Task to complete: In the entries below, find every line with the string "have" and copy it.

Start of Information provided

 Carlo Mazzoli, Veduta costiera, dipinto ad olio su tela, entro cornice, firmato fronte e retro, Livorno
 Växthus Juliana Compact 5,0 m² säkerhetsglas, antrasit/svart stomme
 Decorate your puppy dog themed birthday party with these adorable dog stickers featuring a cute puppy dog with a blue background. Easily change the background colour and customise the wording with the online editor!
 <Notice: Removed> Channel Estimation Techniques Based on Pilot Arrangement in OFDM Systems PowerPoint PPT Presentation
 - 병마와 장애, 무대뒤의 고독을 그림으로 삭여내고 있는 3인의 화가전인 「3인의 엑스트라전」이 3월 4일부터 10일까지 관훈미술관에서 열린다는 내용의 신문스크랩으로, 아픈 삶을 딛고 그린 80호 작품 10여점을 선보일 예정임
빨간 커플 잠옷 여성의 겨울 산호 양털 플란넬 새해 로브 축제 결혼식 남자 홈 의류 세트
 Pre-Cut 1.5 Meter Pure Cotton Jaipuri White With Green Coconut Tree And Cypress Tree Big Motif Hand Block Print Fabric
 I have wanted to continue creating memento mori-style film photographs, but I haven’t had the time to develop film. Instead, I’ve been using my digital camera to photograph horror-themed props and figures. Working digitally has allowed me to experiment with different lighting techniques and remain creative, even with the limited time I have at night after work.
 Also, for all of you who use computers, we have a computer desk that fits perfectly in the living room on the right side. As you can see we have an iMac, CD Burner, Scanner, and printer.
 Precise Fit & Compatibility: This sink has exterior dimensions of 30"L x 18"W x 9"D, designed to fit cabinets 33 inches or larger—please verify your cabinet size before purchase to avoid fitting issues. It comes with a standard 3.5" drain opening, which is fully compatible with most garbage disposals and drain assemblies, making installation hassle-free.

End of Information provided

Written answer:
 I have wanted to continue creating memento mori-style film photographs, but I haven’t had the time to develop film. Instead, I’ve been using my digital camera to photograph horror-themed props and figures. Working digitally has allowed me to experiment with different lighting techniques and remain creative, even with the limited time I have at night after work.
 Also, for all of you who use computers, we have a computer desk that fits perfectly in the living room on the right side. As you can see we have an iMac, CD Burner, Scanner, and printer.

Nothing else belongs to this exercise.